Importance of non-covalent interactions in a nitrile anion metal-complex based on pyridine ligands: a theoretical and experimental approach

Abstract

The solvothermal synthesis and crystal structure of [bis(thiocyanato-κN)bis(tris(pyridin-2-yl-κN)amine)iron(II)] (1) are described. The structure obtained was i subjected to theoretical analysis of interaction energies and intra- and intermolecular bonding. This comprehensive study illustrates the richness of non-covalent interactions that are exhibited by nitrile anionmetal complexes. The neutral complex lies on a crystallographic two-fold axis. The iron atom is octahedrally coordinated, with two thiocyanato ligands in cis positions, and the two trispyridine ligands coordinated via the nitrogen atoms of just two of the three pyridine rings.

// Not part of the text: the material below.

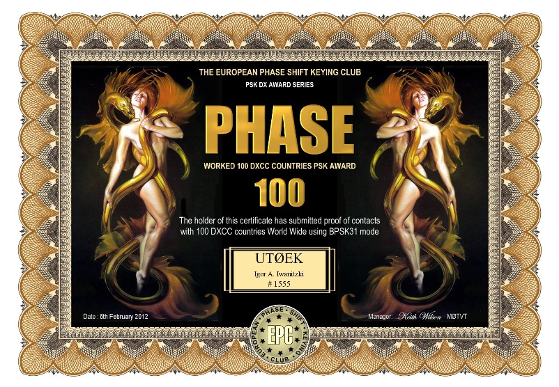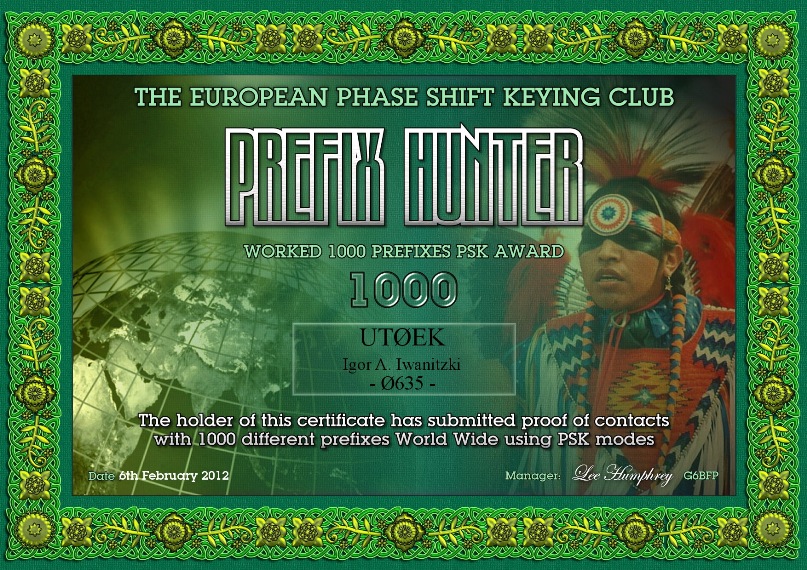 Диплом "Prefix Hunter - 1000" - 1000 префиксов BPSK
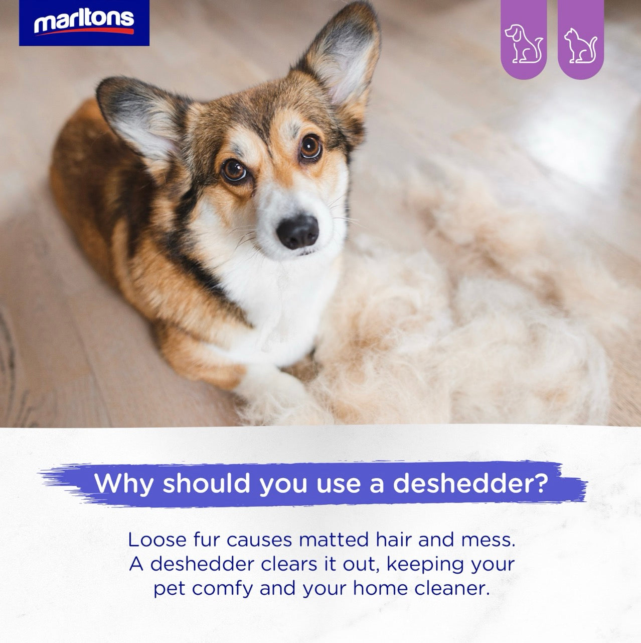 The Marltons Self-Cleaning Deshedding Brush is your go-to solution for reducing loose fur, undercoat buildup and seasonal shedding - all while strengthening the bond between you and your pet. Perfect for dogs and cats of all coat types, this deshedding brush glides through fur to remove excess hair and dander, promoting a cleaner home and a healthier, shinier coat.

Energy analysis of five significant dimers, supplemented by a detailed analysis of the Hirshfeld surfaces, indicates attractive interaction energies of up to 101 kJ, with the strongest dimer stabilized by bifurcated C–H⋯S hydrogen bonds and additional π⋯π interactions. Solid-state and molecular quantum mechanical calculations confirm the high-spin nature of the complex, which is also reflected in the Fe–N bond lengths, and highlights the relevance of intramolecular ligand-ligand interactions. From a combined analysis using the Quantum Theory of Atoms in Molecules and the Non-Covalent Interaction index it was possible to identify further specific intermolecular interactions contributing the stability of the crystal structure, such as the H⋯H bonds, as well as the presence of several delocalized van der Waals forces, which are mainly of dispersive origin.